History of Court Appointed Special Advocates

In 1976, Superior Court Judge David Soukup of Seattle, WA, observed a recurring problem in his courtroom:

“In criminal and civil cases, even though there were always many different points of view, you walked out of the courthouse at the end of the day and you said, ‘I’ve done my best; I can live with this decision,'” he explains.

“But when you’re involved with a child and you’re trying to decide what to do to facilitate that child’s growth into a mature and happy adult, you don’t feel like you have sufficient information to allow you to make the right decision. You can’t walk away and leave them at the courthouse at 4 o’clock. You wonder, Do I really know everything I should? Have I really been told all of the different things? Is this really right?'”

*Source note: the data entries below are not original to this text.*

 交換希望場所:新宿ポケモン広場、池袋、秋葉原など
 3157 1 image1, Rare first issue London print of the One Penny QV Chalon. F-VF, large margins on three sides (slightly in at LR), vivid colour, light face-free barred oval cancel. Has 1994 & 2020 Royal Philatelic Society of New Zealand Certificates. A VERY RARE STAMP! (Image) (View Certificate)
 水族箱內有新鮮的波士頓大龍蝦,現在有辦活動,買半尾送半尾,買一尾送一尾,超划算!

To ensure he was getting all the facts and the long-term welfare of each child was being represented, the Seattle judge came up with an idea that would change America’s judicial procedure and the lives of over a million children. He obtained funding to recruit and train community volunteers to step into courtrooms on behalf of the children: Court Appointed Special Advocate (CASA) volunteers.

This unique concept was implemented in Seattle as a pilot program in January 1977. During that first year, the program provided 110 trained CASA volunteers for 498 children in 376 dependency cases.

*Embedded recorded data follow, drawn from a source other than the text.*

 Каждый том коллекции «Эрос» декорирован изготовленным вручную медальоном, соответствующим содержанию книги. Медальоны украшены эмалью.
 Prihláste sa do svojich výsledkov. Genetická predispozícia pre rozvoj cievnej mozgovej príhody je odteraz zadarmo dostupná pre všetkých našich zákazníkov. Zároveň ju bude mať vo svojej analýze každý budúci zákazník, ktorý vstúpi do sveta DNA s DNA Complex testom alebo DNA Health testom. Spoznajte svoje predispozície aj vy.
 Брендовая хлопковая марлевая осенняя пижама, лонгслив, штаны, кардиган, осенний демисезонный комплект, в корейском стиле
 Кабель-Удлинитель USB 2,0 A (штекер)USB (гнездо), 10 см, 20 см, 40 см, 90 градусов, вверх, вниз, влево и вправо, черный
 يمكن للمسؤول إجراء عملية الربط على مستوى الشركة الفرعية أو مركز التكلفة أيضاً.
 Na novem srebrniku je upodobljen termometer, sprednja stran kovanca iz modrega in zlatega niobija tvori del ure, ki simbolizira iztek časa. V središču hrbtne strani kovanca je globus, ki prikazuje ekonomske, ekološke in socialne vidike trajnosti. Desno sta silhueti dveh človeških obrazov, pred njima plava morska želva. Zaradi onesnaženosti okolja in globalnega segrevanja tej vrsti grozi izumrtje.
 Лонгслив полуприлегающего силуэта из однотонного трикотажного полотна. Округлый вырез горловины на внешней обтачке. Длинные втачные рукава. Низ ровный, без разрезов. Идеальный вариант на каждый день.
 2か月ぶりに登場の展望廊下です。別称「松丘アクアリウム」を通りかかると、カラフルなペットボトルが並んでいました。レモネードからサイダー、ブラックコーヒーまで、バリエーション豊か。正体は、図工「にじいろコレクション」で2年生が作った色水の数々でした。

CASA of Fresno County was established in late 1996 with one full-time staff member and a handful of volunteers. In 2006 the California Judicial Council granted CASA the opportunity to also serve Madera County. Today CASA employs full-time staff and is supporting and equipping more than 150 volunteer Advocates as they annually serve 300 of the 2,500 abused and neglected children in foster care in Fresno and Madera Counties.

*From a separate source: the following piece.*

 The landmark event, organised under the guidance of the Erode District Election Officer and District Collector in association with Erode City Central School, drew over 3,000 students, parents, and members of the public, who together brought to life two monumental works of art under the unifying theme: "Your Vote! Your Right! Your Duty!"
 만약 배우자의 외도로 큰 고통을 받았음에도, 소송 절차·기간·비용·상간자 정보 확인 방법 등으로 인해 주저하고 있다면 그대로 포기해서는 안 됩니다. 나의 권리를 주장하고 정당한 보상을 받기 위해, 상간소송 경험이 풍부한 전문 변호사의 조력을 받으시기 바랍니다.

CASA volunteers are from all backgrounds and every walk of life. They are dedicated men and women who work diligently to ensure that the needs of the most vulnerable children are not further neglected or compounded by an overwhelmed and unresponsive system. Teaming up with social workers, attorneys, foster parents, therapists, doctors, teachers, and the myriad of other individuals responsible for the care of foster kids, they labor to make certain the children for whom they are advocating have the best possible chance at a happy, healthy, and successful future. They believe that this is an opportunity every child deserves, because every child counts!